Accordingly, in the illustrated embodiment of FIG. 4a, a polishing head such as the polishing head 16 may be tested using the test wafer support surface 122 of the cover plate 120. Alternatively, the cover plate 120 may be removed to expose the test wafer hold and transfer system 17 to facilitate additional testing of a polishing head using the test wafer hold and transfer system 17 instead of the cover plate 120. The cover plate 120 may be precisely positioned on the support plate 94 of the frame 12 using registration pins 130 of the cover plate 120 received in corresponding registration holes or apertures 132 (FIG. 4b) of the support plate 94. It is appreciated that other mechanisms and devices may be used to position the removable cover plate 120, depending upon the particular application.

The test wafer hold and transfer system 17 further includes a test wafer positioner 140 which has a plurality of test wafer engagement members 142 carried by a ring member 143 (FIG. 5) and distributed about the circumference of the ring member 143. As best seen in FIG. 3, the test wafer engagement members 142 of the wafer positioner 140 are positioned around a central wafer support surface 144 (FIG. 3) of the pedestal 19. The test wafer engagement members 142 are adapted to engage and position a test wafer 36 (FIG. 6a) with respect to the pedestal central wafer support surface 144 prior to the pedestal 19 receiving the test wafer 36 and transporting the test wafer 36 up to the polishing head 16.

As previously mentioned, the test station 10 may be used to test a variety of sensors, chambers and other structures of a polishing head. FIGS. 7a and 7b illustrate in schematic form the operation of a typical “wafer loss” sensor 18 which provides an indication that the head is not holding a wafer. As shown in FIG. 7a, the wafer loss sensor 18 includes a sensor disk 195 which is connected by a shaft 196 to a valve member 197 of a valve 198. The shaft 196 moves in a conduit 199 which connects the membrane chamber 24 to the pressure line 52 of the innertube chamber 22. When a wafer 36 is held by the head 16, the wafer 36 seals the ambient pressure away from the membrane 30. In addition, the support structure 32 is displaced from the wafer loss sensor disk 195. If the inner tube chamber 22 is pressurized at a pressure of 1 psi (pounds per square inch) above ambient, for example, and the membrane chamber is at a vacuum pressure of −5 psi below ambient, for example, the valve member 197 attached to the sensor shaft 196 is sealingly seated in a valve seat 200 of the conduit 52. Consequently, the valve 198 is sealed closed and the pressures of the membrane chamber 24 and the inner tube chamber 22 remain constant, indicating that the wafer has not been “lost.”

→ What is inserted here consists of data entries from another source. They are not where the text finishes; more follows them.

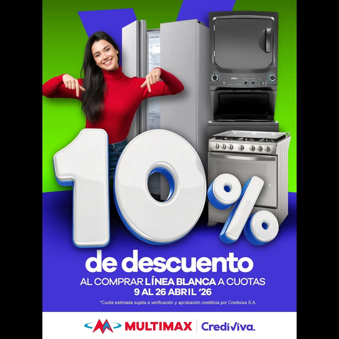 En Multimax, equipar tu casa es más fácil. Disfruta de un 10% de descuento exclusivo al realizar tu compra a cuotas con Crediviva. 🧺🥘
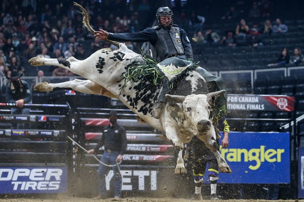 This is a bull that spent a lot of time in the U.S. and they’ve got him back up in Canada now, Nansen Vold packing him again. Fabian Dueck rode this bull in Kinsella the other week and looks like one you want to get on. Dakota Buttar coming off the Calgary Stampede Championship, has all the confidence in the world. Always one of our top guys, kind of had a slow start to the season. But you kind of see that with Calgary, you have a good Calgary, and you can rip that second half. Look for Dakota to step up now and try to get in position to win another Canadian Championship. And this is a great bull for him to start that on.
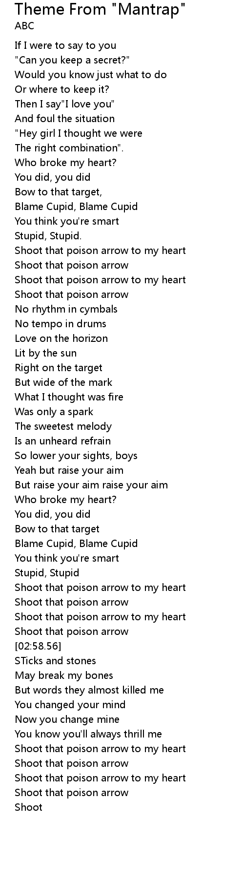 Shoot that poison arrow to my heart |

However, should the wafer drop from the head 16, ambient pressure acting on the membrane 30 drives the membrane 30 and the support structure upwardly into the membrane chamber as shown in FIG. 7b. The support structure 32 engages and compresses the inner tube chamber 22 causing the pressure in the inner tube chamber 22 to begin to rise as indicated at 202 in FIG. 8. As the membrane 30 and the support structure continue upwardly into the membrane chamber 24, the support structure also engages the disk 195 of the wafer loss sensor 18 as shown in FIG. 7b. This engagement causes the valve member 197 connected to shaft 196 of the sensor 18 to displace from the valve seat 200. As a consequence, the valve opens as indicated at 203 and the pressure in the inner tube chamber 22 begins to fall as indicated at 204 in FIG. 8 and eventually equalizes with the membrane chamber 20, indicating loss of the wafer.

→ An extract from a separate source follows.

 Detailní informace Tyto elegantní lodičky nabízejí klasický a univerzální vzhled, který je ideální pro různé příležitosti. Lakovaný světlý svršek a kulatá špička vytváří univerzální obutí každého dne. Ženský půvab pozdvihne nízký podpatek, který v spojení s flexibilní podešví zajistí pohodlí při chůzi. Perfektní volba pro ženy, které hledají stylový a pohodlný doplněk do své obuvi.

FIG. 9 is a schematic diagram of the pneumatic circuits associated with each chamber of the polishing head. In the illustrated embodiment, each chamber has a pressure circuit 230 which includes a source 232 of pressurized fluid coupled by a valve 234 and a regulator 236 to the chamber. Each chamber further has a vacuum circuit 240 which includes a source 242 of vacuum pressure (often referred to a vacuum ejector valve) coupled by a valve 244 and a regulator 246 to the chamber. A vent circuit 250 includes a valve 254 and opens the associated chamber to the ambient atmosphere.

The valves 234, 244 and 254 are controlled by the controller 62. To conserve pressure in a particular chamber, the vent valve 254, pressure valve 234 and vacuum valve 254 are closed. By closing these valves, the chamber is isolated from being further pressurized, vacuumed or vented. The pressure within the chamber may be monitored by the controller 62 through a pressure sensor 260 such as a transducer fluidically coupled to the associated chamber. If the chamber pressure drops after closing the control valves 234, 244 and 254, the presence of a leak is indicated. As previously mentioned, if the pressure in the inner tube chamber 22 follows a curve such as that shown in FIG. 8, a loss of a test wafer which had been held by the polishing head is indicated.

The test station 10 can test the chambers of the polishing head for pressure and vacuum leaks including leaks across the various chambers (cross talk). Testing includes height and time of rise as well as valve and sensor tests.

FIG. 10 illustrates a polishing head test utilizing a test station in accordance with one embodiment of the present description. One example of such a test is a wafer loss sensor test. It is appreciated that a test station in accordance with the present description may be used to perform a variety of tests, depending upon the particular application.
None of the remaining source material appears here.